[users@httpd] Using SessionMaxAge without setting Max-Age in cookies?

[Niels Harremoes <Ni...@rm.bkvibro.com>]

Hi!
I am using apache 2.4, mod_auth_form and mod_session with cookie based sessions.
I would like my sessions to expire after 15 minutes of inactivity - so I set
SessionMaxAge 900

However, I also need my sessions to expire when the user closes the browser. Unfortunately, the cookie header sent looks like
    Set-Cookie: session=Private-user=someUser&Private-pw=thePassword&expiry=1386227882551049;Max-Age=900;path=/;HttpOnly

I have temporarily turned off SessionCryptoPassphrase for debugging - I know that I must turn it back on for production.
The problem is the ";Max-Age=900". This makes the cookie persistent in the browser, so that even if the browser is closed, the session will still be valid if a new browser session is started within 15 minutes. The requirement is that closing the browser will end the session.
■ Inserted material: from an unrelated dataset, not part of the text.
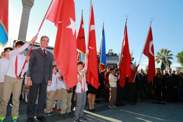 Atatürk anıtının önüne çelenk sunumunun ardından Mustafa Kemal Atatürk'ün hayata gözlerini yumduğu 9.05’te, sirenler eşliğinde iki dakikalık saygı duruşunda bulunularak İstiklal Marşı okundu.

Can I avoid the "Max-Age=900" and still have server-side session expiration?

I have tried using mod_headers to rewrite the set-cookie header:

Header edit Set-Cookie ;Max-Age=900; ;

This will rewrite the Set-Cookie header to
    Set-Cookie: session=Private-user=someUser&Private-pw=thePassword&expiry=1386227882551049;path=/;HttpOnly
as desired - but only the last one

But mod_session_cookie sends the set-cookie header twice - and apparently only the last header is being rewritten by mod_rewrite?
It seems like recent versions of Internet Explorer and Chrome will use the last definition, but I'm not sure I can rely on that.